_What is expected:_
The answer should consist of each line from the data below that includes "BioMidi".

*** Entries provided Section Begins ***

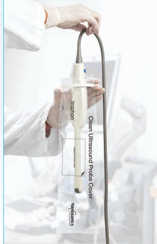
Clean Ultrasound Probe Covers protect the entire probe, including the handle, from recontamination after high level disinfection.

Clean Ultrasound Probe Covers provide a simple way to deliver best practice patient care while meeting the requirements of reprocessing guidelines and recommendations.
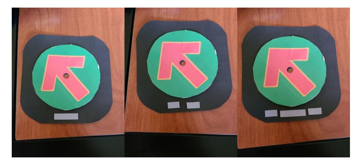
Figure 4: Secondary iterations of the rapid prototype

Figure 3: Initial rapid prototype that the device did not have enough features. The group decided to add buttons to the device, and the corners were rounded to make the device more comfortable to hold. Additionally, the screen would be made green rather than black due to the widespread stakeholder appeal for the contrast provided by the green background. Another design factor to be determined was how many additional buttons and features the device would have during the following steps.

*** Entries provided Section Ends ***
*** Entries provided Section Begins ***

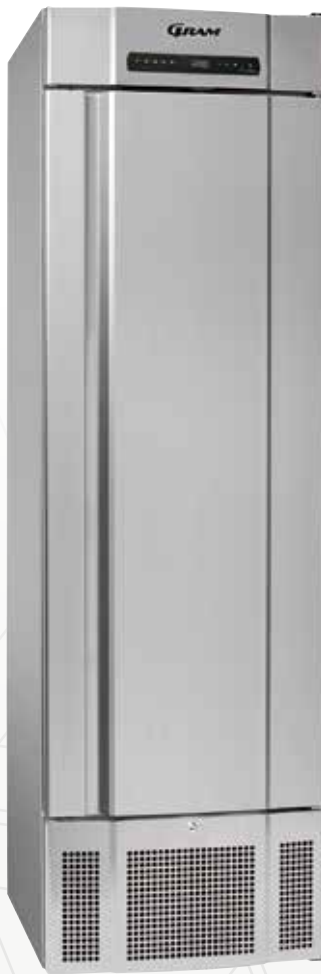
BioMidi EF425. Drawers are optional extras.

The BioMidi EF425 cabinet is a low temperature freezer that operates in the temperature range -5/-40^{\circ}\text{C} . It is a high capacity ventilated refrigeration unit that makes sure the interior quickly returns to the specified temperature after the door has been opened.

*** Entries provided Section Ends ***

_Answer area:_
BioMidi EF425. Drawers are optional extras.
The BioMidi EF425 cabinet is a low temperature freezer that operates in the temperature range -5/-40^{\circ}\text{C} . It is a high capacity ventilated refrigeration unit that makes sure the interior quickly returns to the specified temperature after the door has been opened.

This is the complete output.